In 1969, Nigeria started ordering companies to use the natural gas byproduct instead of flaring it. This was ignored by the vast majority of companies drilling in the country. The government then passed the Associated Gas Reinjection Act in 1979 that imposed fines for noncompliance. Shell, however, chose to continue flaring and pay the fines rather than clean up its operations, a move that would end up being more expensive.
Official figures show several hundred oil spells every year in the Niger delta region, the majority of which show Shell at fault. Shell frequently denied these claims, but international observers point to a severe lack of transparency when it comes to oversight of Shell’s activities. In 2008, footage and subsequent reports from a leak in Bodo, a community in the Niger Delta region, showed the actual spillage amount was more than 125 times the 4,000 barrels Shell originally reported.

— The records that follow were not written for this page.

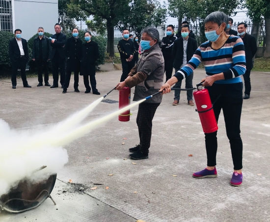 圖為使用滅火器演練 隨后,該所開展滅火器使用模擬演練。在演練中,大家利用平時更換下來的舊滅火器,依次輪流進(jìn)行操作,更有一些員工主動熱心幫助保潔阿姨們講解如何正確使用滅火器,以身示范正確操作方式及每一個分解動作要領(lǐng)。
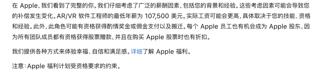 在一些招聘信息的下方,我们还可以一窥苹果对VR技术人员的待遇,员工们不但能够拥有107,500美元(约70万元人民币)的基本年薪工资,同时还有机会享受到不菲的奖金和股票分红。
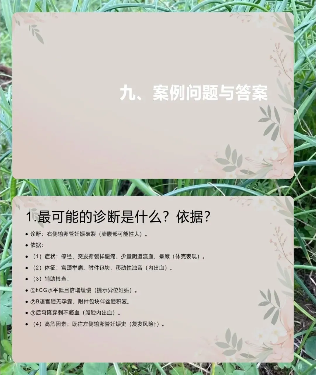 今天的异位妊娠知识就讲到这里,相关内容大家结合临床案例再巩固,有问题咱们后续再交流。
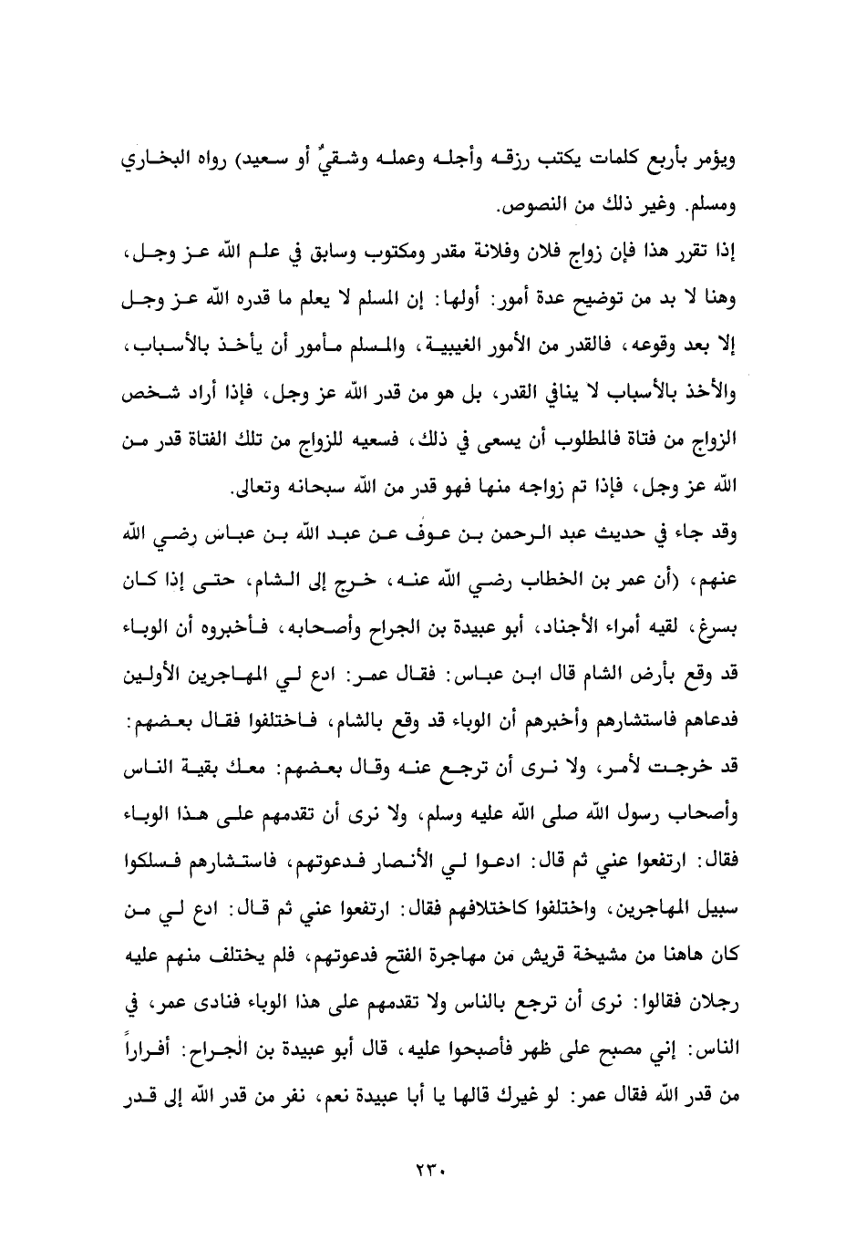 إذا تقرر هذا فإن زواج فلان وفلانة مقدر ومكتوب وسابق في علم الله عز وجل، وهنا لا بد من توضيح عدة أمور: أولها: إن المسلم لا يعلم ما قدره الله عز وجل إلا بعد وقوعه، فالقدر من الأمور الغيبية، والمسلم مأمور أن يأخذ بالأسباب، والأخذ بالأسباب لا ينافي القدر، بل هو من قدر الله عز وجل، فإذا أراد شخص الزواج من فتاة فالمطلوب أن يسعى في ذلك، فسعيه للزواج من تلك الفتاة قدر من الله عز وجل، فإذا تم زواجه منها فهو قدر من الله سبحانه وتعالى. وقد جاء في حديث عبد الرحمن بن عوف عن عبد الله بن عباس رضي الله عنهم، أن عمر بن الخطاب رضي الله عنه، خرج إلى الشام، حتى إذا كان بسرغ، لقيه أمراء الأجناد، أبو عبيدة بن الجراح وأصحابه، فأخبروه أن الوباء قد وقع بأرض الشام قال ابن عباس: فقال عمر: ادع لي المهاجرين الأولين فدعاهم فاستشارهم وأخبرهم أن الوباء قد وقع بالشام، فاختلفوا فقال بعضهم: قد خرجت لأمر، ولا نرى أن ترجع عنه وقال بعضهم: معك بقية الناس وأصحاب رسول الله صلى الله عليه وسلم، ولا نرى أن تقدمهم على هذا الوباء فقال: ارتفعوا عني ثم قال: ادعوا لي الأنصار فدعوتهم، فاستشارهم فسلكوا سبيل المهاجرين، واختلفوا كاختلافهم فقال: ارتفعوا عني ثم قال: ادع لي من كان ههنا من مشيخة قريش من مهاجرة الفتح فدعوتهم، فلم يختلف منهم عليه رجلان فقالوا: نرى أن ترجع بالناس ولا تقدمهم على هذا الوباء فنادى عمر، في الناس: إني مصبح على ظهر فأصبحوا عليه، قال أبو عبيدة بن الجراح: أفراراً من قدر الله فقال عمر: لو غيرك قالها يا أبا عبيدة نعم، نفر من قدر
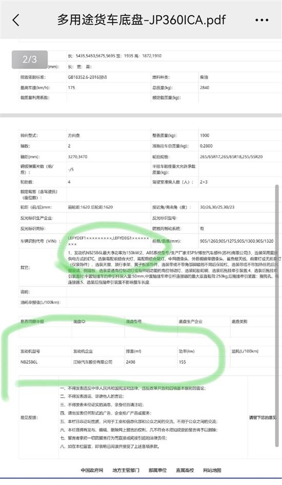 性能与承载上,新车燃料种类为柴油,排放符合 GB18352.6-2016 国 VI 标准,最高车速可达 175km/h,总质量为 2840kg,整备质量 1900kg,准拖挂车总质量为 0kg 或 2800kg,接近角统一为 30 度,离去角则根据配置不同为 23 度、25 度或 26 度,适配多种路况。轮胎规格提供 265/65R17、265/65R18、255/55R20 三类选择,驾驶室准乘人数为 2+3 人,满足载人与载物双重需求。
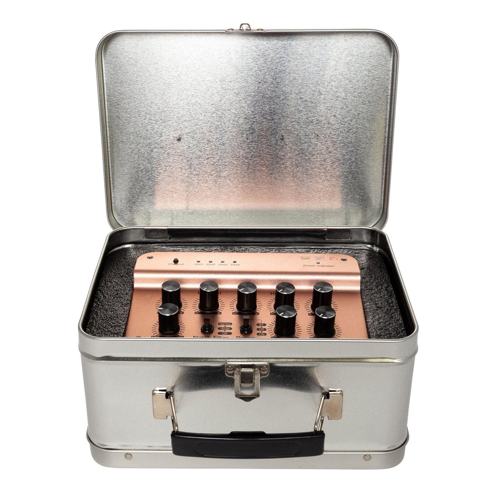 The four channel preamp is Bluetooth compatible and can be paired with your smartphone for easy playback and backing tracks. The Charisma also includes an inbuilt rechargeable battery with up to 8 hours of operation on a single charge, easily recharged via the supplied USB cable.
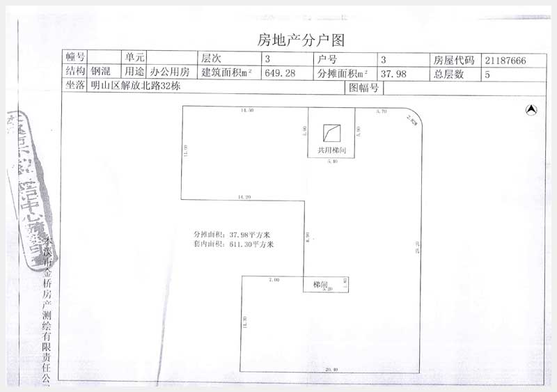 名稱:本溪市明山區(qū)解放北路32東3層房產(chǎn) 面積:649.28 ㎡ 瀏覽次數(shù):922
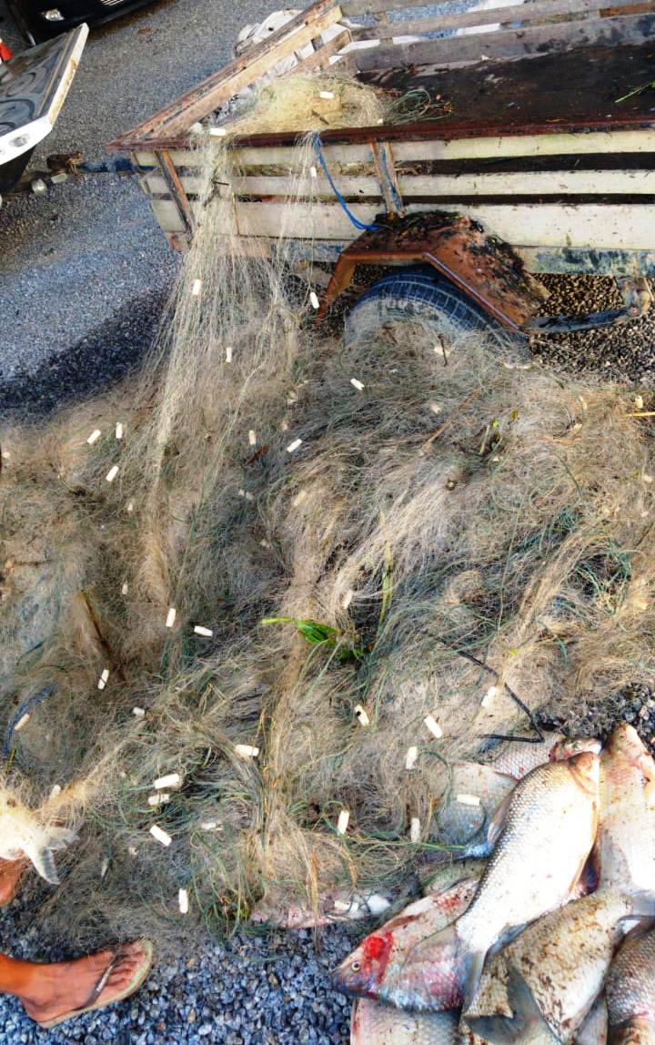 Por volta das 05h: 30 desta quinta-feira (09/01), A Polícia Militar Ambiental do 2º BPMA de Colatina, apreendeu sete redes, que juntas mediam, 2.500 metros linear, um Motor de 18 HP, além de aproximadamente 90 quilos de pescados diversos.
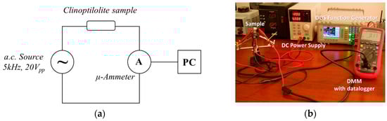 + is the principally involved charge carrier) has been investigated by monitoring, during a rapid heating process, the variation in the effective current intensity flowing in the sample, biased by a constant a.c. sinusoidal voltage value. In particular, the small piece of clinoptilolite was polarized by using an a.c. voltage source (sinusoidal voltage signal of 20V
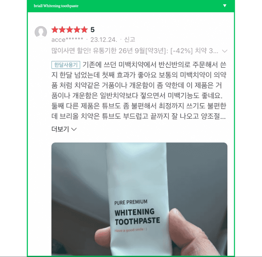 Elevate your dental care routine with Briall Premium Teeth Whitening Toothpaste, a product at the forefront of oral hygiene innovation. Celebrated as the top choice in 2024, this toothpaste has garnered attention for its proven efficacy and safety, amassing impressive figures with 14,131 purchases and a staggering sales volume of 700,000 units. Its remarkable repurchase rate of 82.4% and the overwhelming number of positive reviews (52,101) with an average satisfaction score of 4.5/5 are testaments to its unmatched quality and performance.
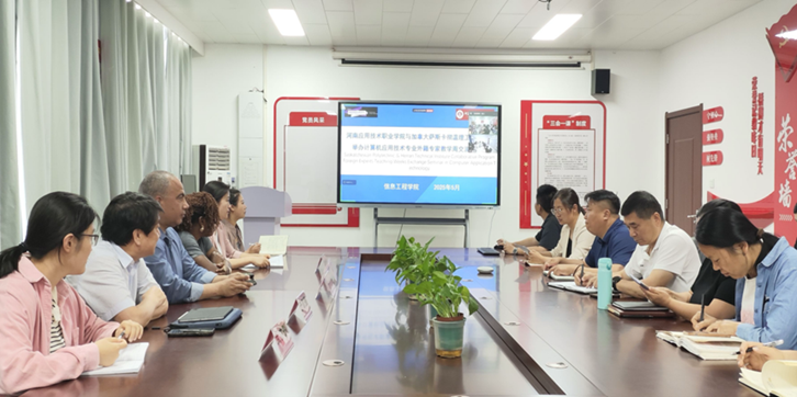 为深化中外合作办学内涵建设,526日下午,信息工程学院在郑州校区办公楼A514隆重举行“计算机应用技术(中外合作办学)专业外籍专家教学周专题研讨会”。会议聚焦教育教学创新与国际合作实践,特邀中加国际合作项目管理专员Bruce Yu、加方外教团队Mrs.Ada AjunwaMr.Hazem Youssef等外方代表出席。信息工程学院党政领导班子成员、专业教师团队共同参与研讨,会议由副院长夏丽珍主持。
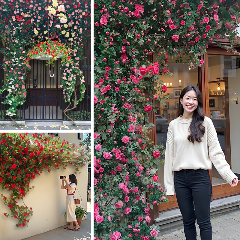 仿真玫瑰花网红花墙瀑布墙壁假花空调管道装饰花藤条遮挡门头花墙
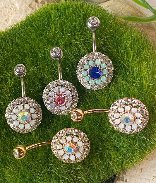 1pc Multi Circle Triple Tiered Crystal and Opalite Belly Ring Leaf Navel Naval
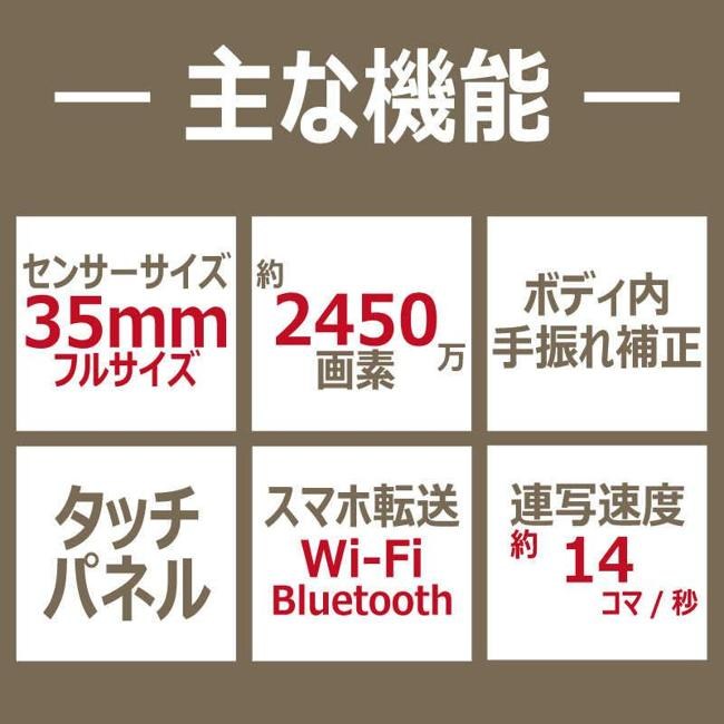 | 画素数 | 2528万画素(総画素) 2450万画素(有効画素) | 撮像素子 | フルサイズ 35.9mm×23.9mm CMOS |

The Bodo community has been the most impacted by Shell’s activities, though the company no longer actively explores there. The community’s land, located in River State, once accounted for more than 60 percent of Shell’s crude oil output. In 1993, however, Shell ceased oil exploration activities in Ogoniland due to rising violence. However, it maintained the oil pipelines that traverse Bodo land. These have allegedly been improperly maintained. Rusting and corroded pipes have led to large oil spills.
The Bodo community took Shell to court in the U.K. for the 2008 oil spills, in which the Bodo claimed thousands of barrels of oil were spilled on their land, severely impacting the ecosystem. The $83.4-million agreement, reached in January 2015, is the highest oil spill-related compensation in Nigerian history. Shell has issued other compensations for its activities in the Niger Delta region in the past, but none came close to this one.
Due to the enormously detrimental effect shell’s drilling activities and spills, have had on the Bodo community’s land, the initial demand in the lawsuit was for $454.9 million USD. According to reports, members of the community lost more than $450 a year average in income due to the spills – amounting to approximately $2,729.40 in lost profit per person all told. By contrast, Shell originally offered $45 million in a mediated settlement.
About 15,600 Bodo ipeople will split $53.1 million of the settlement money for their personal losses from the spills. The remaining $30.3 million will be placed in a community trust to be used for health clinics and schools. This lawsuit is groundbreaking in that it represents the first time individuals have been personally compensated for an oil company’s operations in Nigeria.
Despite the lengthy list of environmental violations, Shell continues to portray itself as a company dedicated to safe environmental practices. The company ran a 2007 ad that featured an oil refinery emitting flowers amid the claim that carbon dioxide waste was used to grow flowers and other green plants — a claim that was allegedly untrue). Shell was forced to pull the ad, and has come under fire for other attempts to “greenwash” its activities since.